* [INSTRUCTIONS TO FOLLOW]: Could you write out, exactly, every line from the top of the data through the line holding "2、包皮系带过短牵拉龟头引起阴茎下弯"? Omit the pictures.

* [SUPPLIED DATA]:
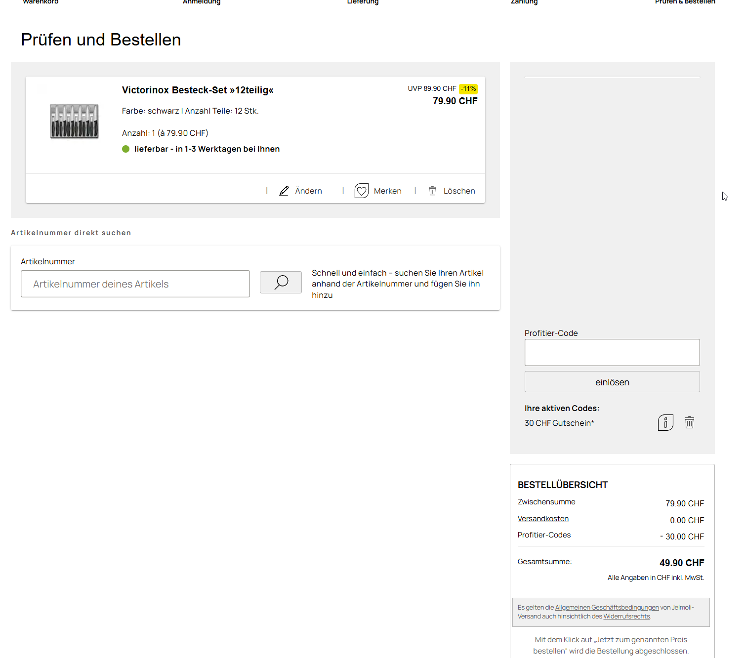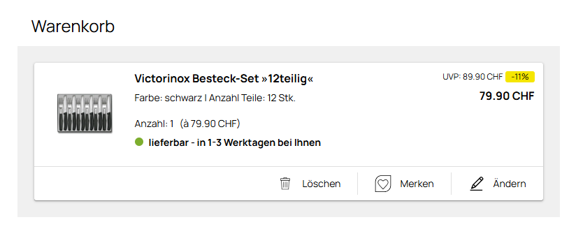 Aktuell gibt’s bei Jelmoli ein tolles Angebot. Ihr findet nämlich das Victorinox Besteck-Set Swiss Classic 12-teilig nur noch heute zum reduzierten Preis von 49.90 Franken. Damit ihr auf diesen Preis kommt, müsst ihr einfach den Artikel in den Warenkorb legen – dort werden die 30.– Franken automatisch abgezogen. Wird dann anschliessend an der Kasse angezeigt.
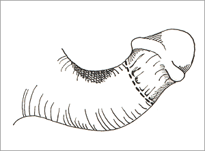 2、包皮系带过短牵拉龟头引起阴茎下弯
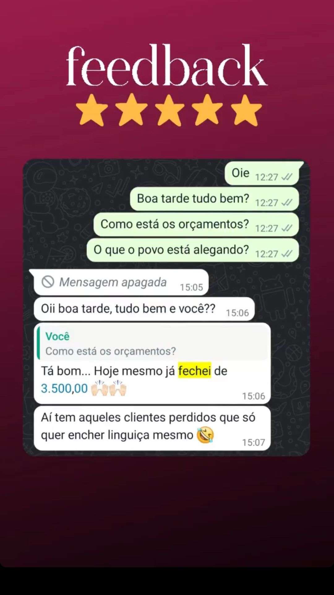 Como fundadora da Giovanelli Digital, minha agência de consultoria de marketing para tatuadores já ajudou diversos artistas a sairem do ZERO para mais de 100 MIL de faturamento mensal. Por isso, me dedico diariamente a impulsionar os resultados dos meus clientes.

* [EXERCISE SOLUTION]:
 Aktuell gibt’s bei Jelmoli ein tolles Angebot. Ihr findet nämlich das Victorinox Besteck-Set Swiss Classic 12-teilig nur noch heute zum reduzierten Preis von 49.90 Franken. Damit ihr auf diesen Preis kommt, müsst ihr einfach den Artikel in den Warenkorb legen – dort werden die 30.– Franken automatisch abgezogen. Wird dann anschliessend an der Kasse angezeigt.
 2、包皮系带过短牵拉龟头引起阴茎下弯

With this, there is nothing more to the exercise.